Berbeda dengan peringatan pada tahun-tahun sebelumnya, pelaksanaan HAN tahun ini menghadapi tantangan karena adanya pandemi corona virus disease 2019 (Covid-19) di Indonesia yang berimplikasi pada masyarakat, terutama anak, mengalami berbagai persoalan seperti masalah pengasuhan bagi anak yang orang tuanya positif Covid-19, kurangnya kesempatan bermain dan belajar serta meningkatnya kasus kekerasan selama pandemi sebagai akibat diterapkannya kebijakan jaga jarak maupun belajar dan bekerja di rumah.
Berdasarkan tantangan tersebut, maka tema HAN tahun 2021 adalah “Anak Terlindungi, Indonesia Maju” dengan Tagline #AnakPedulidiMasaPandemi. Hal ini sebagai motifasi bahwa pandemi tidak menyurutkan komitmen untuk tetap melaksanakan HAN tahun ini secara virtual, tanpa mengurangi makna HAN. Diharapkan peringatan HAN yang dikemas secara online dapat menjangkau lebih banyak anak dari 34 provinsi di Indonesia termasuk Anak yang memerlukan perlindungan khusus (AMPK).
Sejarah HAN

Dilansir dari tirto.id, jejak rekam embrio HAN sudah tergurat sejak berdirinya Kongres Wanita Indonesia (Kowani) yang diresmikan tahun 1946. Dalam sidang Kowani pada 1951, diputuskan beberapa kesepakatan, salah satunya adalah mengupayakan penetapan Hari Kanak-Kanak Nasional.
Atas usulan Kowani, tanggal 6 Juni ditetapkan sebagai Hari Kanak-Kanak Indonesia. Alasannya, selain bertepatan dengan hari lahir Presiden RI pertama Sukarno (1 Juni 1901), tanggal ini juga berdekatan dengan perayaan Hari Anak Internasional.

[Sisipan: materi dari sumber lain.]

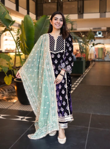 The Coordinating Velvet Trousers, With Their Minimalist Design, Create A Seamless Look That Highlights The Intricate Detailing On The Kurta. The Set Is Further Elevated By A Matching Dupatta Adorned With Subtle Gold Embroidery And Bordered With Fine Jaali Embroidery, Completing The Ensemble With Elegance.
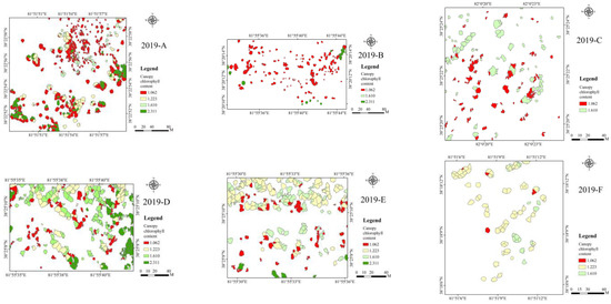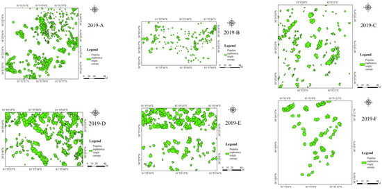 Next, the vector map of Populus euphratica crown should be optimized. First, the vector areas were counted, and vectors with an area less than 3 m2 were removed (based on the results of field research on Populus euphratica in the study area, the range of PeITC area was set to 3–80 m2). Second, the extraction result was checked by visual determination and the non-Populus euphratica vectors were removed to ensure the extraction accuracy. Third, all Populus euphratica quadrat images were processed in turn. The optimal threshold results for each quadrat are shown in Table 4, and the vector extraction results of Populus euphratica canopy in each quadrat are shown in Figure 7.

Berakhirnya era Sukarno yang digantikan oleh rezim Orde Baru memunculkan perubahan pula terhadap cukup banyak hal di negeri ini, termasuk tanggal peringatan hari anak di Indonesia.
Hingga akhirnya, Presiden ke-2 RI, Soeharto, mengeluarkan Keputusan Presiden (Keppres) No. 44/1984 yang memutuskan bahwa Hari Anak Nasional diperingati setiap tanggal 23 Juli.
Pemilihan tanggal 23 Juli sebagai Hari Anak Nasional diselaraskan dengan pengesahan Undang-Undang tentang Kesejahteraan Anak pada 23 Juli 1979. Maka, tanggal 23 Juli diperingati sebagai HAN hingga saat ini.


Tinggalkan Balasan
Anda harus masuk untuk berkomentar.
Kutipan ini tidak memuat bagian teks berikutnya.